▶ Exercise aim:
The response must contain every line of the records that follow, duplicated exactly.

▶ Records shown:
#####
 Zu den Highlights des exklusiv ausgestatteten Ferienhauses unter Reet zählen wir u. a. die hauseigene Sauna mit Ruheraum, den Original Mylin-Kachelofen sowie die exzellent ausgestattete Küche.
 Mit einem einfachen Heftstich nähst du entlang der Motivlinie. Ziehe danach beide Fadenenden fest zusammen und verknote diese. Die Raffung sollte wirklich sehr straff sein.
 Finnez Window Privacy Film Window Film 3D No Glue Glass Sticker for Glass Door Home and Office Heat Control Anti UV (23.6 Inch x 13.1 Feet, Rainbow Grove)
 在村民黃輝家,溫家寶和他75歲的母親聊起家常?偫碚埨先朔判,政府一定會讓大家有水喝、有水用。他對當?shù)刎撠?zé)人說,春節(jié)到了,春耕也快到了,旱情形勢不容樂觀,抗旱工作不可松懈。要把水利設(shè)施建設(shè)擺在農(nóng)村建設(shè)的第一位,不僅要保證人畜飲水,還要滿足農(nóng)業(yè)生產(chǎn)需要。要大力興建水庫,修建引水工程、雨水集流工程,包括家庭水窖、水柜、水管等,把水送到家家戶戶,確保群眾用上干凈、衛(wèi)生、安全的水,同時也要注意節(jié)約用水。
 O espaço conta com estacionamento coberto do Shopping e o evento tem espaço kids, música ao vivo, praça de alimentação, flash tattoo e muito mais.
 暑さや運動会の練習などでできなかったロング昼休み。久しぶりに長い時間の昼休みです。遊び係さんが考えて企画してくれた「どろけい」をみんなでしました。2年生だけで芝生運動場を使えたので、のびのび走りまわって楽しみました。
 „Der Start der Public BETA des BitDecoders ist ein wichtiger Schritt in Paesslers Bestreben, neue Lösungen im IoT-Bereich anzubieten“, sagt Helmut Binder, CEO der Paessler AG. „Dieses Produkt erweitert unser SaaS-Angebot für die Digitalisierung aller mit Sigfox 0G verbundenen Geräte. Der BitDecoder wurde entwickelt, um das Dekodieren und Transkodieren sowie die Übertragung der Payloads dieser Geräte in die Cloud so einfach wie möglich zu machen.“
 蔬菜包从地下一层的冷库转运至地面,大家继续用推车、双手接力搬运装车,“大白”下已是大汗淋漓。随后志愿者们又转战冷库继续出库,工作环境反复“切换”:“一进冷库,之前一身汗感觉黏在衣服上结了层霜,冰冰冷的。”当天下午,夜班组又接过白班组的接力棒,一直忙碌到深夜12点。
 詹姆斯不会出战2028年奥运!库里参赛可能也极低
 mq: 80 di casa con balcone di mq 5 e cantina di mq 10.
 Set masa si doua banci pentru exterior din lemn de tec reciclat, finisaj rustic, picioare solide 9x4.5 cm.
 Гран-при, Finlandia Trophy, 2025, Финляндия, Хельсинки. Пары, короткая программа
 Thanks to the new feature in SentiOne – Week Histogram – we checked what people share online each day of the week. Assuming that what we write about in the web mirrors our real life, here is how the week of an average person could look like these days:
#####
▶ Reply to the exercise:
 Zu den Highlights des exklusiv ausgestatteten Ferienhauses unter Reet zählen wir u. a. die hauseigene Sauna mit Ruheraum, den Original Mylin-Kachelofen sowie die exzellent ausgestattete Küche.
 Mit einem einfachen Heftstich nähst du entlang der Motivlinie. Ziehe danach beide Fadenenden fest zusammen und verknote diese. Die Raffung sollte wirklich sehr straff sein.
 Finnez Window Privacy Film Window Film 3D No Glue Glass Sticker for Glass Door Home and Office Heat Control Anti UV (23.6 Inch x 13.1 Feet, Rainbow Grove)
 在村民黃輝家,溫家寶和他75歲的母親聊起家常?偫碚埨先朔判,政府一定會讓大家有水喝、有水用。他對當?shù)刎撠?zé)人說,春節(jié)到了,春耕也快到了,旱情形勢不容樂觀,抗旱工作不可松懈。要把水利設(shè)施建設(shè)擺在農(nóng)村建設(shè)的第一位,不僅要保證人畜飲水,還要滿足農(nóng)業(yè)生產(chǎn)需要。要大力興建水庫,修建引水工程、雨水集流工程,包括家庭水窖、水柜、水管等,把水送到家家戶戶,確保群眾用上干凈、衛(wèi)生、安全的水,同時也要注意節(jié)約用水。
 O espaço conta com estacionamento coberto do Shopping e o evento tem espaço kids, música ao vivo, praça de alimentação, flash tattoo e muito mais.
 暑さや運動会の練習などでできなかったロング昼休み。久しぶりに長い時間の昼休みです。遊び係さんが考えて企画してくれた「どろけい」をみんなでしました。2年生だけで芝生運動場を使えたので、のびのび走りまわって楽しみました。
 „Der Start der Public BETA des BitDecoders ist ein wichtiger Schritt in Paesslers Bestreben, neue Lösungen im IoT-Bereich anzubieten“, sagt Helmut Binder, CEO der Paessler AG. „Dieses Produkt erweitert unser SaaS-Angebot für die Digitalisierung aller mit Sigfox 0G verbundenen Geräte. Der BitDecoder wurde entwickelt, um das Dekodieren und Transkodieren sowie die Übertragung der Payloads dieser Geräte in die Cloud so einfach wie möglich zu machen.“
 蔬菜包从地下一层的冷库转运至地面,大家继续用推车、双手接力搬运装车,“大白”下已是大汗淋漓。随后志愿者们又转战冷库继续出库,工作环境反复“切换”:“一进冷库,之前一身汗感觉黏在衣服上结了层霜,冰冰冷的。”当天下午,夜班组又接过白班组的接力棒,一直忙碌到深夜12点。
 詹姆斯不会出战2028年奥运!库里参赛可能也极低
 mq: 80 di casa con balcone di mq 5 e cantina di mq 10.
 Set masa si doua banci pentru exterior din lemn de tec reciclat, finisaj rustic, picioare solide 9x4.5 cm.
 Гран-при, Finlandia Trophy, 2025, Финляндия, Хельсинки. Пары, короткая программа
 Thanks to the new feature in SentiOne – Week Histogram – we checked what people share online each day of the week. Assuming that what we write about in the web mirrors our real life, here is how the week of an average person could look like these days:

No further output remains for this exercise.